Ещё раз: книга Алемана поразительна тем, что практически все те возражения, которые могут быть выдвинуты акту высказывания Алемана, уже озвучены им самим на уровне содержания его речи, богатой смыслами. Это структура ленты Мёбиуса, чья изнанка всегда настигается лицевой стороной, — структура, которую Лакан вывел как структуру самого субъекта, по отношению к которой психоанализ ставит вопрос о возможном разрезе — а также о том самом объекте а, который от этой ленты был отделен. Нередко в тексте Алемана можно обнаружить эти склейки лицевой стороны с изнанкой, склейки двух разных взаимно обратных дискурсов: например, в завершающем книгу тексте «Наследие Фрейда» Алеман то и дело переходит от констатации пессимизма Фрейда или Лакана в отношении проектов общности к некому обнадеживающему «но…».
При этом именно в «Наследии Фрейда» и озвучивается та проблема, которая, похоже, является вообще ключевой для алемановской версии союза психоанализа и политики: проблема родства этического закона, Идеала‑Я и Сверх‑Я8.
Эту проблему Лакан поднимает уже в своем первом семинаре: если Идеал‑Я оказывается ободряющей фигурой, инстанцией, скрепляющей закон, то потому, что этот Идеал накладывает шов на бездну Сверх‑Я — на разрушение закона в самой его сердцевине, на непонятное, но ненасытное требование, которое позднее Лакан сформулирует как требование наслаждаться. Сверх‑Я — то, что делает каждого из нас по-своему, в интимном средоточии нашего существа, безумным (вопреки тому оттенку, который стали иногда придавать этому слову после Фрейда, мысля его как некое общее угнетение универсальными требованиями культуры). Проект Алемана для спасения цивилизации — установление новых отношений со Сверх‑Я, его своеобразное приручение и даже аннуляция: «Жизнь станет терпимой лишь в том случае, если будет изобретена новая связь с суперэго, если нам удастся трансформировать любовную логику, которая поддерживает суперэго, переварив основанную на влечении грамматику бессознательного. Если, в конце концов, каждый лично откроет внутри себя Закон, который уничтожит хитросплетения суперэго»9. Но что это за условие полного исцеления, если Сверх‑Я — одно из возможных имен того, что психоанализ обнаруживает для субъекта как неизлечимое страдание, как неустранимое безумие, родственное симптому?

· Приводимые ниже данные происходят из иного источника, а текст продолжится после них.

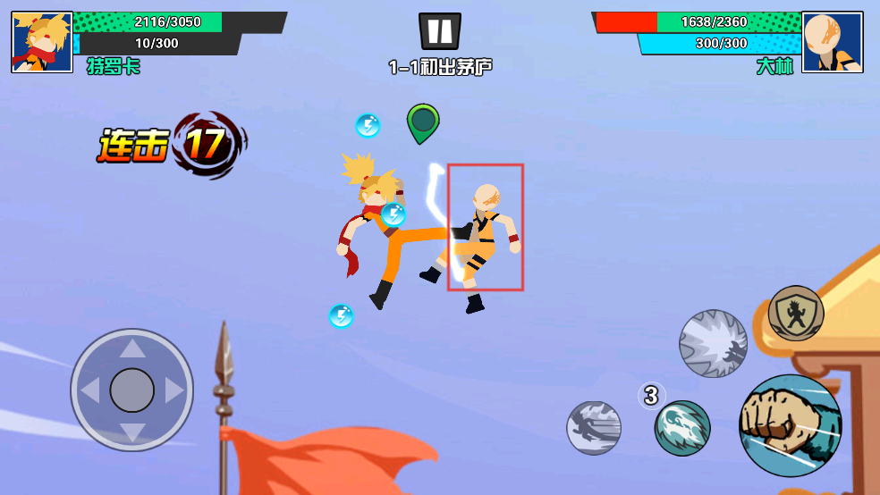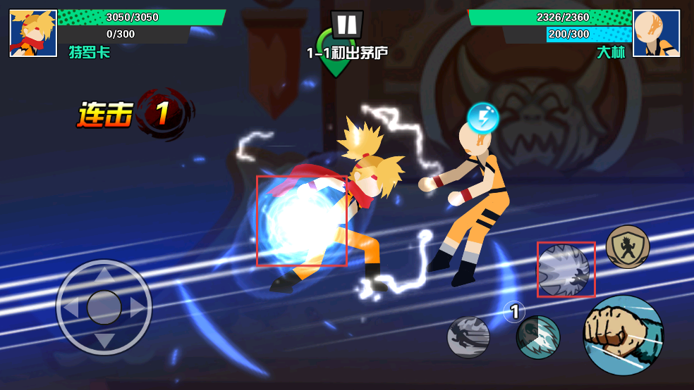 3、合理使用技能按鈕釋放強(qiáng)力招式,如帶有閃電特效的技能,可快速削減敵人血量。
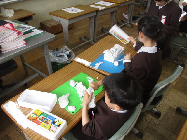 お寿司や恐竜、いろんなものを上手に作る1年生でした。

Об освобождении… Сложно не вспомнить при этом слове еще одно замечание Лакана: «Человеческое бытие нельзя постичь вне безумия — более того, оно не было бы человеческим, не будь именно безумие внутренним пределом его свободы»10.

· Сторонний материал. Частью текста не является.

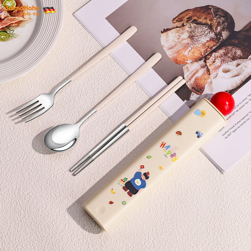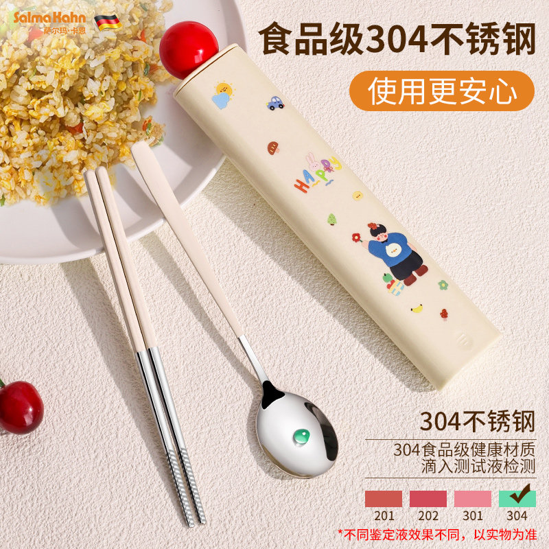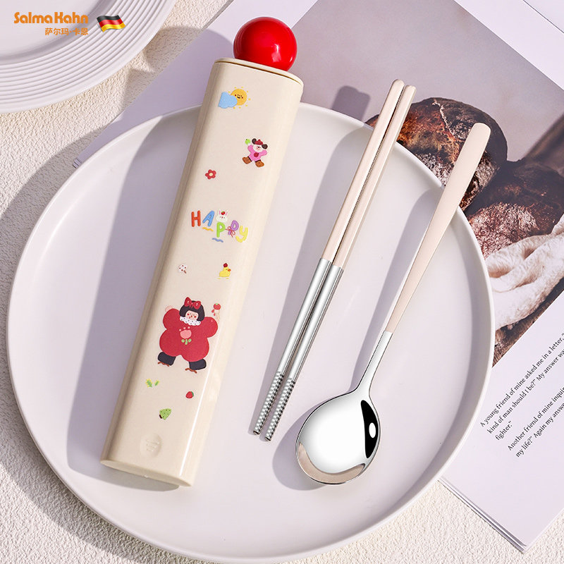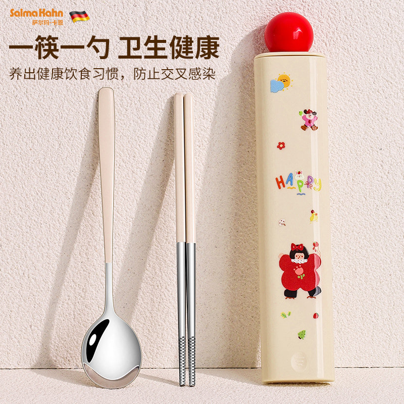 小学生便携餐具不锈钢筷勺套装儿童专用创意可爱一人用筷子收纳盒

Автор текста: Глеб Напреенко
Редактор: Дмитрий Хаустов
- Алеман Х. Наслаждение философа // Логос, 2016, №6 (115). С. 95 — 98.
- Алеман Х. Об освобождении. Психоанализ и политика. — М.: Горизонталь, 2019. С. 120 — 142.
- «Создается впечатление, что анализ — чуть ли не третья “невозможная” профессия, где заранее можно быть уверенным в неудовлетворительном результате. Две другие профессии, которые были уже очень давно известны, — это образование и управление». — Фрейд З. Конечный и бесконечный анализ // Сочинения по технике лечения. — М.: Фирма СТД, 2008. С. 388.
- Алеман Х. Об освобождении. С. 45 — 46.
- Там же. С. 15.
- Lacan J. Radiophonie // Autres écrits. — Paris: Seuil, 2001. P. 439 — 440. — Цитата переведена автором.
- Название работы Фрейда по-немецки, в русском переводе А. М. Боковикова — «Неудовлетворенность культурой», во французском Ш. и П. Одье — «Malaise dans la civilisation» («Болезнь (в) цивилизации»).
- В переводе книги Алемана вместо слова «Сверх‑Я» выбран вариант «суперэго».
- Алеман Х. Об освобождении. С. 219.
- Лакан Ж. О вопросе, предваряющем любой возможный подход к лечению психоза // Инстанция Буквы в бессознательном, или Судьба разума после Фрейда. — М.: Русское феноменологическое общество; Логос, 1997. С. 124. — Перевод Александра Черноглазова.